Nicholas decided to help the family but was too modest to do so in public. He threw a purse filled with gold coins through their window. After two nights of this taking place, the father lay in wait to discover the identity of their benefactor. So the third night Nicholas dropped the purse down the chimney instead. Legend has it that the youngest daughter had just washed her stockings and hung them over the embers to dry. That’s where the purse with gold landed and that explains Nova’s shoe next to the sliding doors last night (we don’t have a chimney).

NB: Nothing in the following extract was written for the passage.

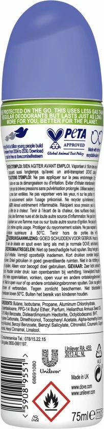 | Ingrediënten | Butane, Isobutane, Propane, Aluminum, Chlorohydrate, PPG-14, Butyl, Ether, Cyclopentasiloxane, Parfum, Disteardimonium, Hectorit, Helianthus, Annuus, Seed, Oil, C12-15, Alkyl, Benzoate, Octyldodecanol, BHT, Dimethiconol, Propylene, Carbonate, Tocopheryl, Acetate, Citric, acid, Alpha-Isomethyl, Ionone, Benzyl, alcohol, Benzyl, Salicylate, Citronellol, Coumarin, Eugenol, Geraniol, Hexyl, Cinnamal, Linalool |

It is said that Sinterklaas became the model or source for Santa Claus, whose modern name came from Sinterklaas. Other holiday figures based on Saint Nicholas are celebrated in some parts of Germany and Austria,  Switzerland, Italy, parts of Bosnia and Herzegovina, Croatia and Serbia, Slovenia and, of course, Greece.

Nova with Sinterklaas
Nova with Sinterklaas at Spencer Park

Like every year, Saint Nicholas was welcomed in Christchurch, Spencer Park. This was organised by the Netherlands Society and had many families attending who have kids at the Dutch School. Sinterklaas had two Black Petes to help him carry his staff and big book of stories about the children. This year The Netherlands had Petes in all sorts of colours as the Black Petes are seen as historically referring to slaves and deemed to be racially inappropriate.

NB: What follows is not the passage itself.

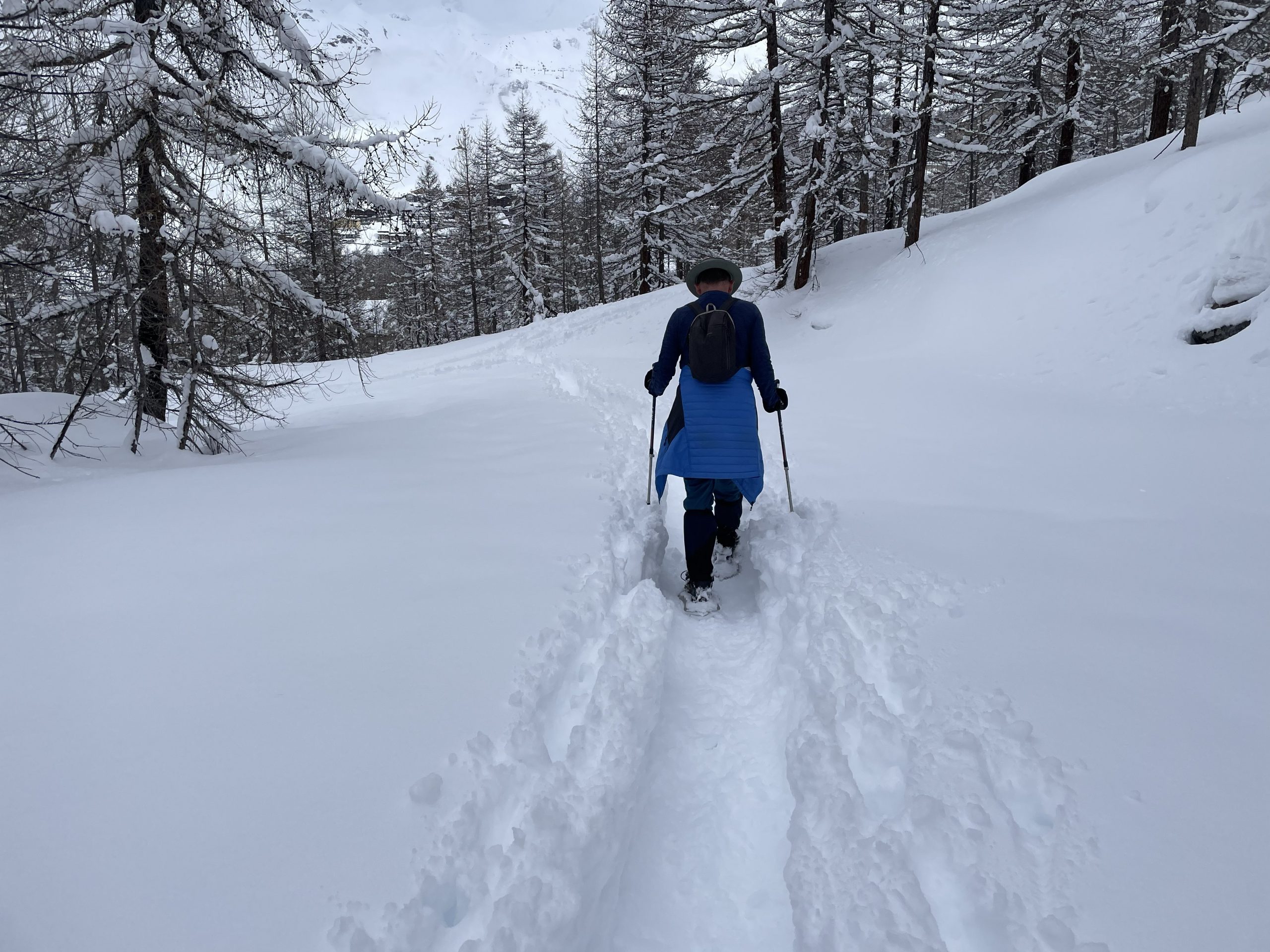 After a day in the van we were looking forward to powder conditions on the slopes, but due to the volume of snow many of the resort runs were closed. We could see on the webcams that the few open slopes were absolutely full of people like ants on sugar, so we decided it wouldn’t be worth it. Instead we took ourselves out for a snowshoe walk.

I remember as a kid that it was really difficult to figure out who was dressed up and painted as Black Pete. It could be your own cousin or uncle in Pete’s outfit, giving you a handful of pepernoten, little spicy speculaas rounds and you would mainly recognise them by their voice.

There was always a bit of warning that you had to be a good kid, otherwise you could end up with a ‘roe’ (cane) in your shoe instead of pepernoten and presents.

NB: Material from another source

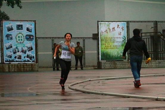 中午时分,天空中开始飘洒着小雨,然而湿漉漉的场地并没有击退公司代表队对于比赛的热情和体育精神的延续。下午的比赛拉开了序幕,运动员们仍然坚持奋斗,啦啦队热情高涨。发令枪响,员工4*400米女子组接力赛拉开帷幕。

This year Nova has put out her shoe three nights and she must have been good as she found small presents everytime. The carrots and pictures she put in were gone which surely will have pleased Sinterklaas and his horse. Friday night on the 5th December we will celebrate Sinterklaas with 3 Dutch/Kiwi couples and hopefully the Black Petes will deliver some more presents for the ‘lieve’ (good) kids.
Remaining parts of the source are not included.